Centrepoint Alliance’s new strategy, which was initially announced to the market last year, has proved successful as the company has reported a profit turnaround for the financial year ended 30 June and posted a pre-tax profit of $1.2 million compared to $3.4 million loss in FY18, the firm said.
Following this, the company’s earnings before interest, tax, depreciation and amortisation (EBITDA) stood at $2.4 million against $1.6 million loss last year.
Centrepoint’s chief executive, Angus Benbow, attributed profit turnaround to a greater focus on providing services to advisers and a strategy that introduced a new pricing model which helped reposition business for growth.
The firm said, in its statement issued to the Australian Securities Exchange (ASX), that it was one of the first in the market to move to a fee-based revenue model, a move which saw 86 per cent of firms in its authorised representative network transition to the new pricing model.
“The financial advice sector’s business model needs to change,” Benbow said.
“We are leading by example and we were one of the first scaled advice businesses to reset pricing.”
Centrepoint said there was a growing number of advisers looking for a ‘quality business service partner’. Following this, the firm announced it had recruited a record number of new financial advisers in the fourth quarter of FY19.

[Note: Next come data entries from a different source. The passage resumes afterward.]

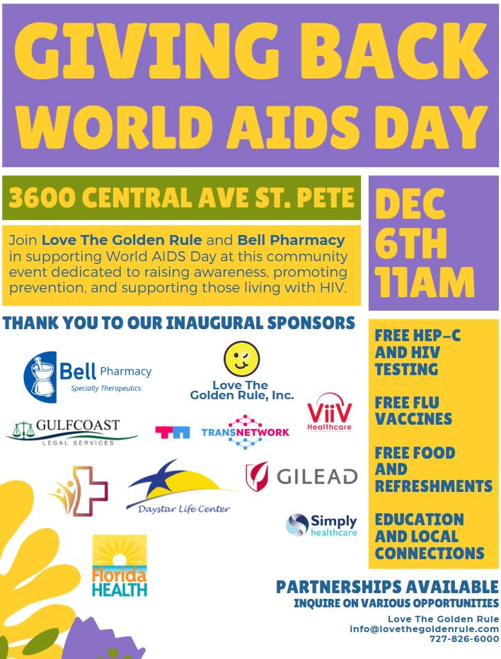 Join Love the Golden Rule and Bell Pharmacy in supporting World AIDS Day, at this community event dedicated to raising awareness, promoting prevention, and supporting those living with HIV.
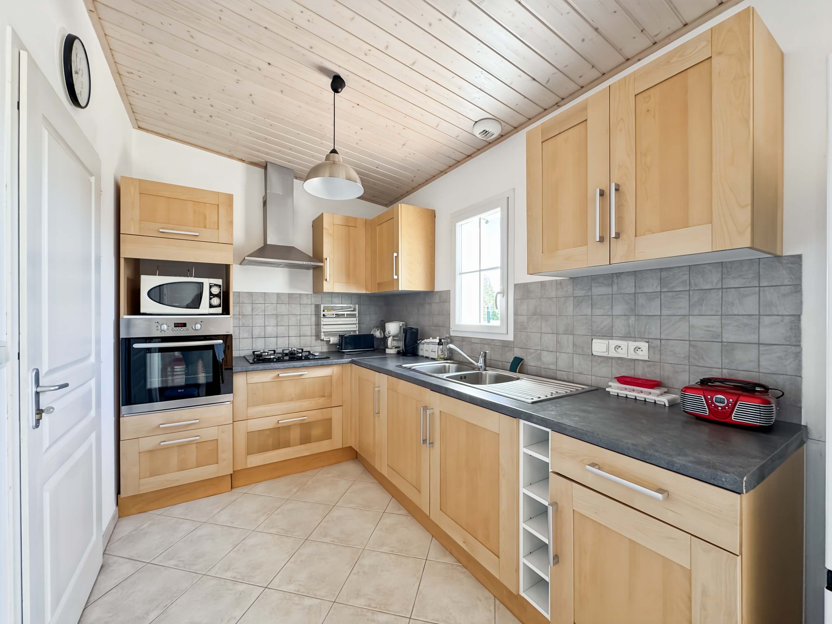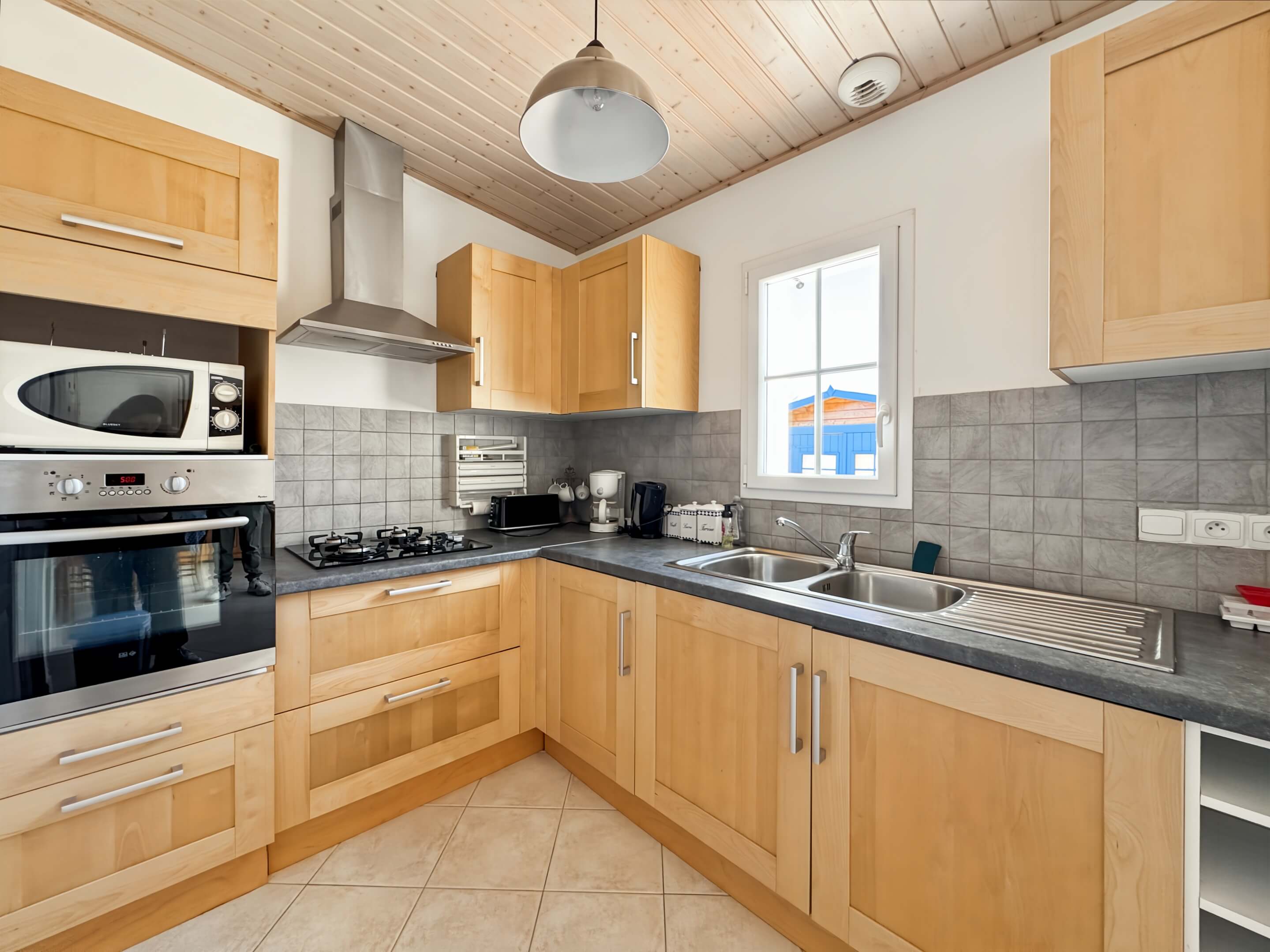 - un grand salon-séjour avec cuisine ouverte, équipée et aménagée: 4 feux gaz + hotte, un four électrique, un micro-ondes, un grand frigo-congélateur.
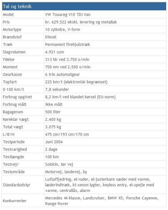 Tag en nyudviklet 10-cylindret diselmotor med 313 HK og et ufatteligt moment på 750 NM og prop det i en forvokset folkevogn med firehjulstræk. Tilsæt lidt læder og et 6-trins automatgear og kom så gule plader på uhyret. Du betaler herefter en bagatel af kr. 630.000 og vupti så du har en Touareg van, en knap 2.5 ton tung ”varevogn”, som lovligt kun huser dig selv og en enkelt passager.
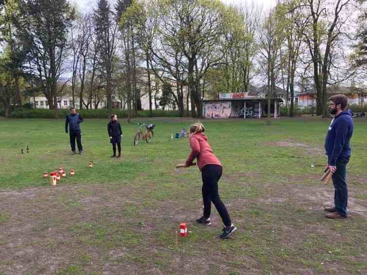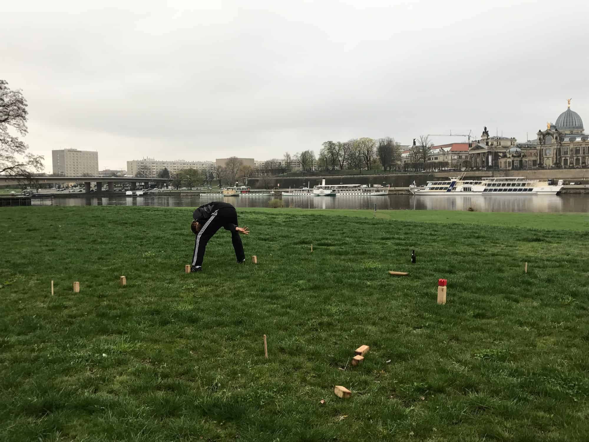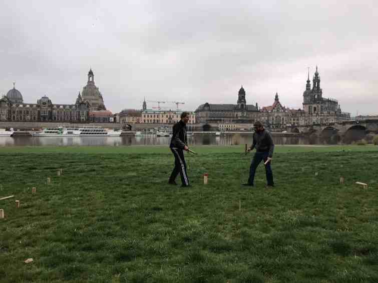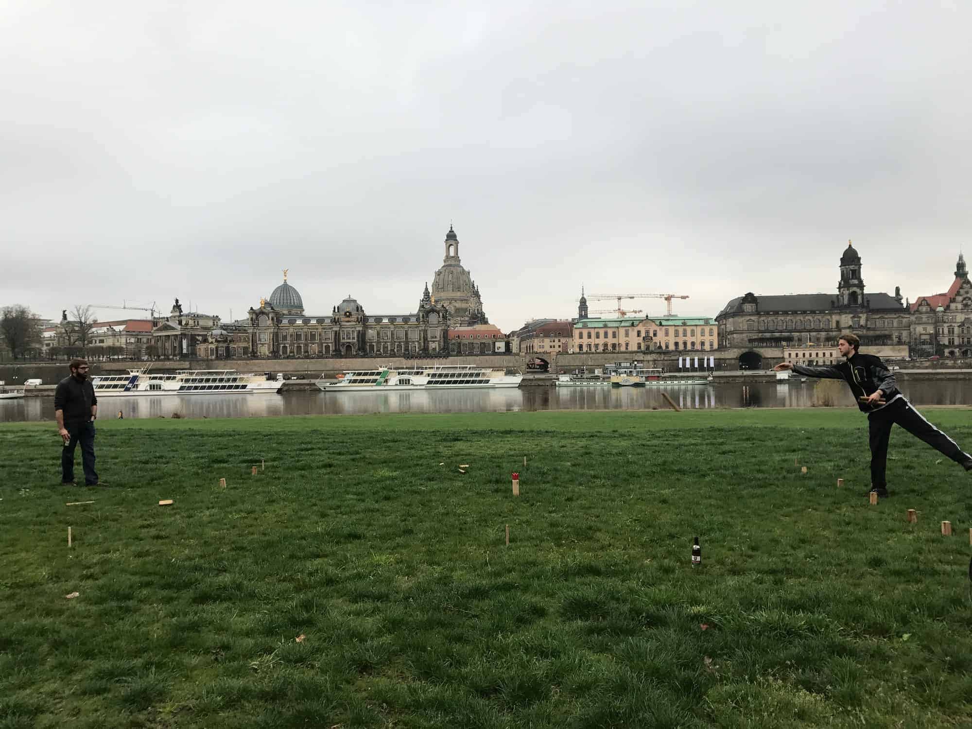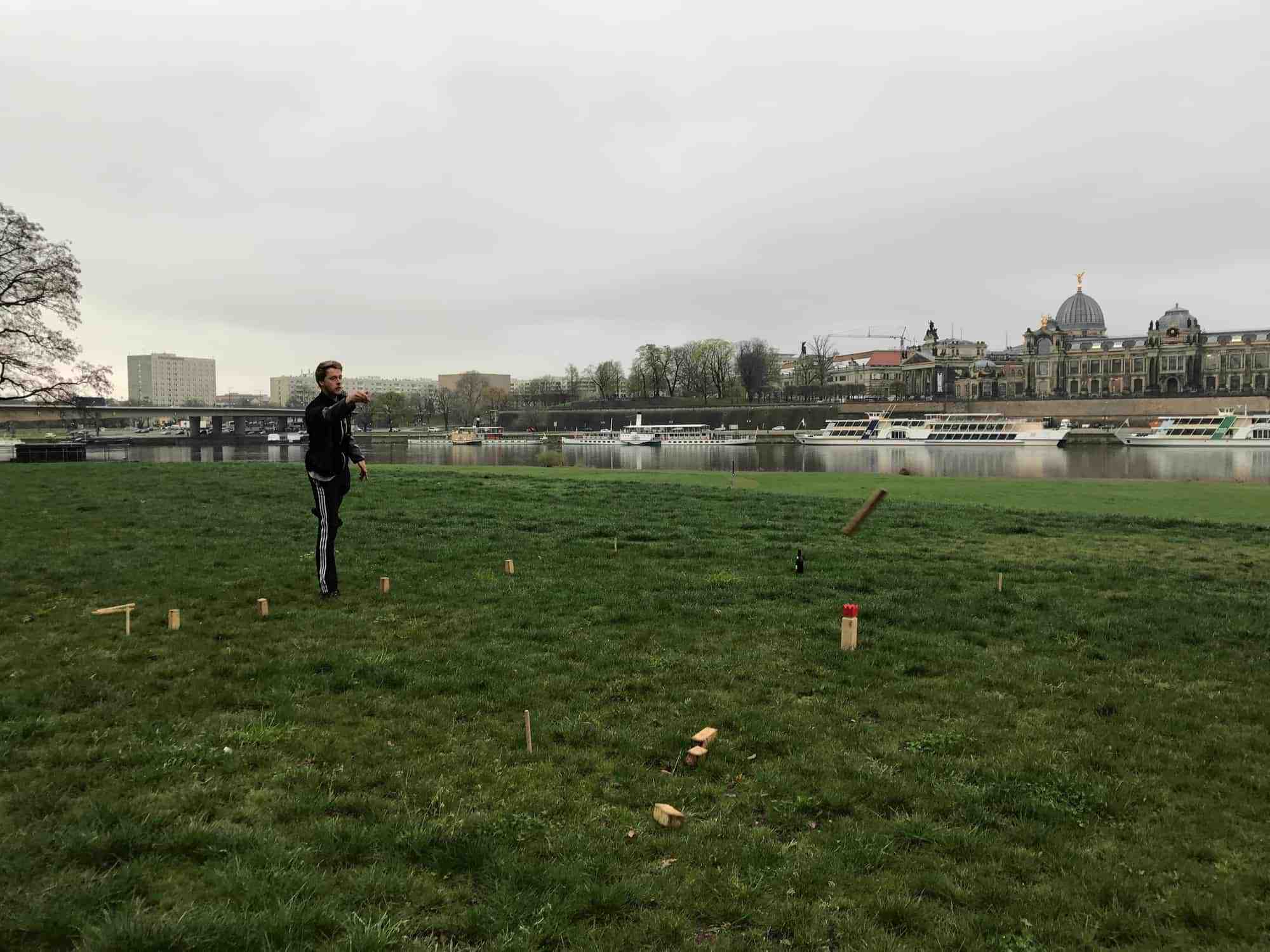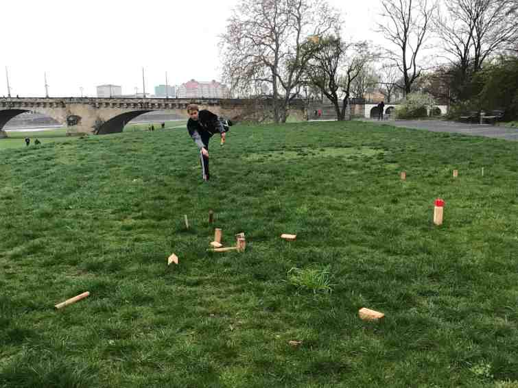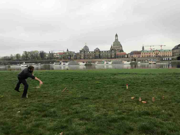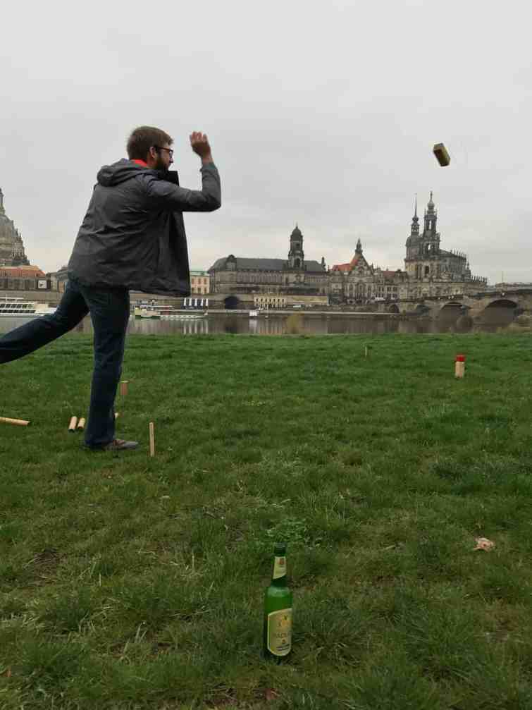 In my time following kubb online, I became aware of how it has grown out of Sweden into mainland Europe. I knew there were at least a few teams in Germany, so I started asking around to see if anyone had a contact there. After a few “talk to this person” leads, I was able to connect on Facebook with a handful of German kubb players. I sent my itinerary and got some responses from players in both Dresden and Berlin. I was so excited!
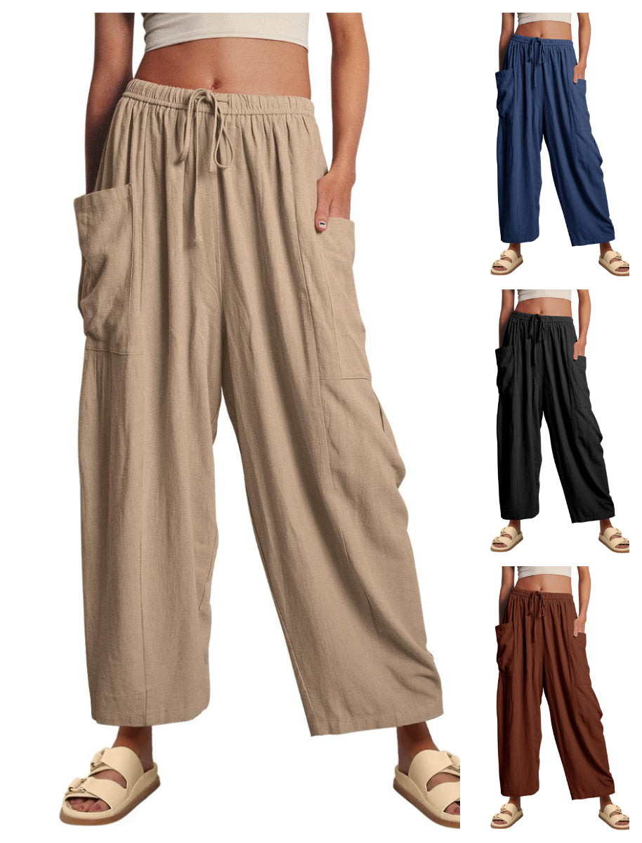 🍁Lehké bavlněné kalhoty s vysokým pasem
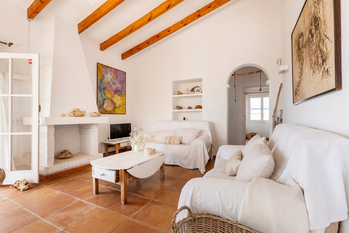 Casa Binimares je krásný dům s výhledem na moře, kde můžeš dýchat klid a pohodu. It is located in the fishing village Biniancolla, in the municipality of Sant Lluis. The beautiful beach of Binibequer is a 5’ It has two double bedrooms and a study with two sofas with a private sink. Kuchyně je kompletně vybavená. Na verandě je gril a stůl s kapacitou pro osm osob. Má úžasný výhled na moře!
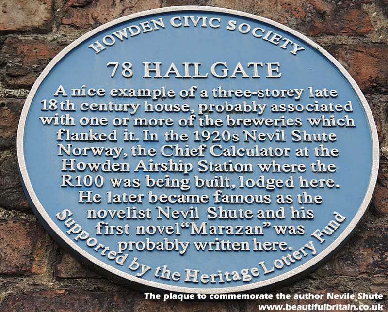 1899 The birth of the author Nevil Shute. Before becoming famous as an author, he was part of the aeronautical engineering team that created the R100 airship. He worked at RNAS Howden, East Yorkshire, under Barnes Wallis and lived at this house (see
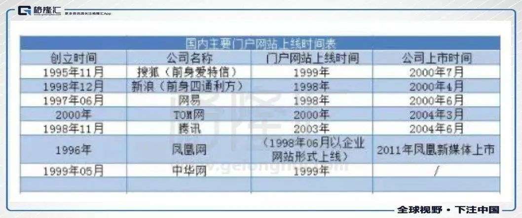 这一时期凭借全球互联网经济的火热发展,我国门户网站发展如火如荼。除前述三者之外,包括腾讯、凤凰网、中华网等企业也获得了巨大的流量与曝光。但好景不长,三大门户上市不久之后迎来了全球性的互联网经济泡沫,包括新浪、网易、搜狐、中华网在内的所有中国概念网络股都相继下跌。
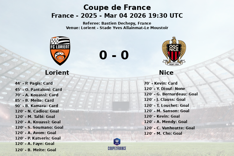 Avec 13 tirs pour Nice et 9 pour Lorient, aucune des deux équipes n’a réussi à envoyer le ballon au fond des filets pendant le temps réglementaire. Nice a obtenu 8 corners contre 0 pour Lorient, mais ils n’ont pas réussi à marquer. Les fautes ont également été nombreuses, avec 16 commises par Nice et 7 par Lorient.
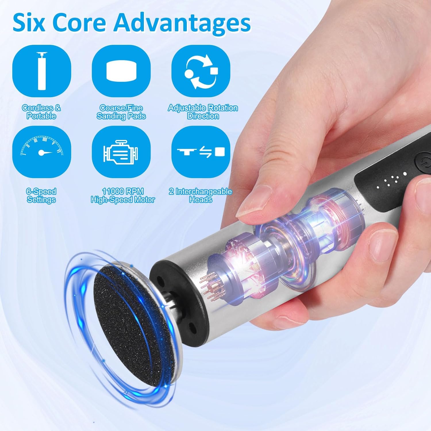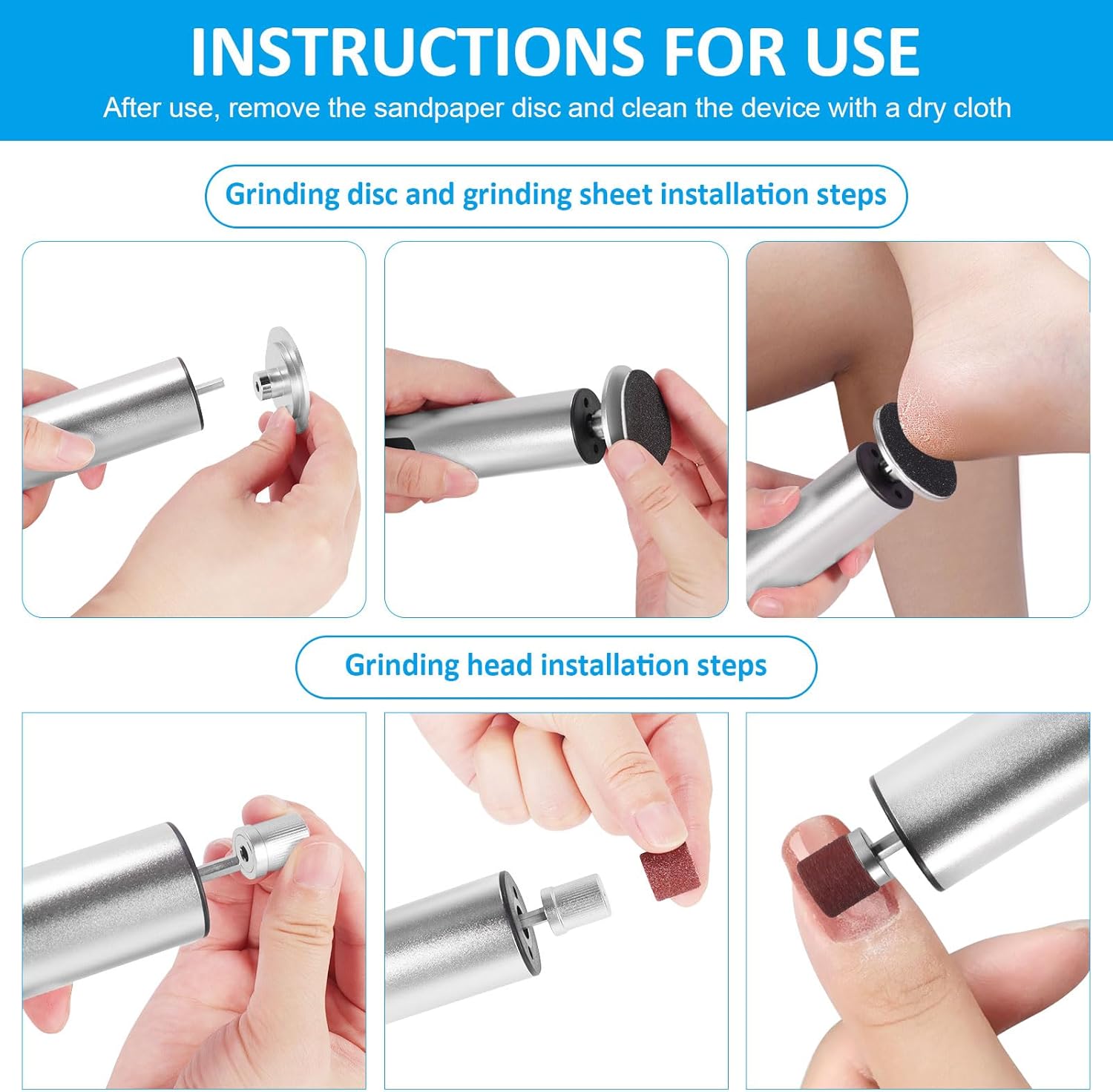 - 【Package Includes】: 5.9-inch device × 1,USB charging cable × 1,Premium metal heads × 2 (Callus mode / Nail mode),80 grit for calluses ×10,120 grit for sensitive areas ×10,Ring sandpaper for nail polishing × 10,User manual × 1
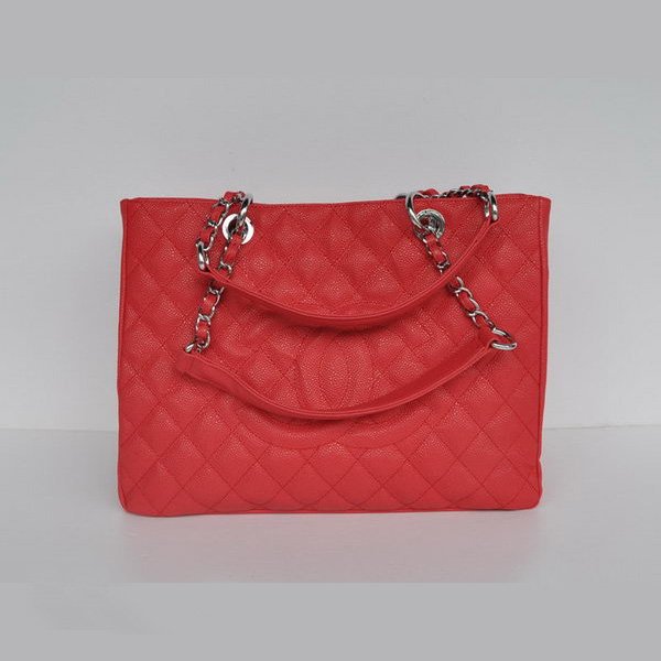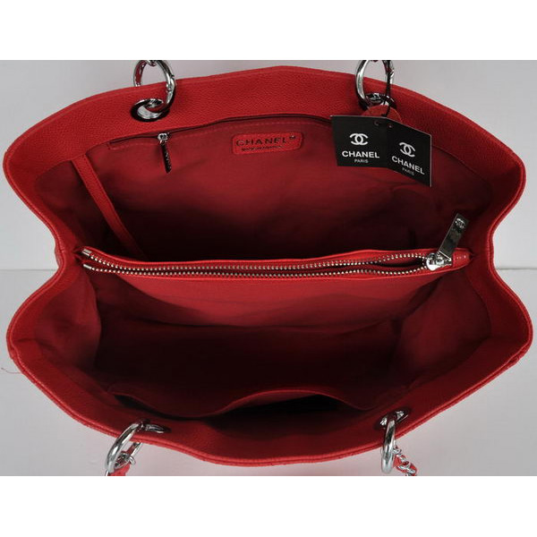 Chanel A50995 Red Caviar Leather Shoulder Bag Silver

“We know advisers are feeling fatigued with the level of change. This is why we implemented a model where both self-licenced and corporate licensed advisers can access a full suite of business services and support.”
Looking forward, the firm said that the main areas of focus for FY 2020 would be a launch of a fee-based offer for self-licensed advisers, further investment in technology and the firm would continue to drive growth in its licensed network.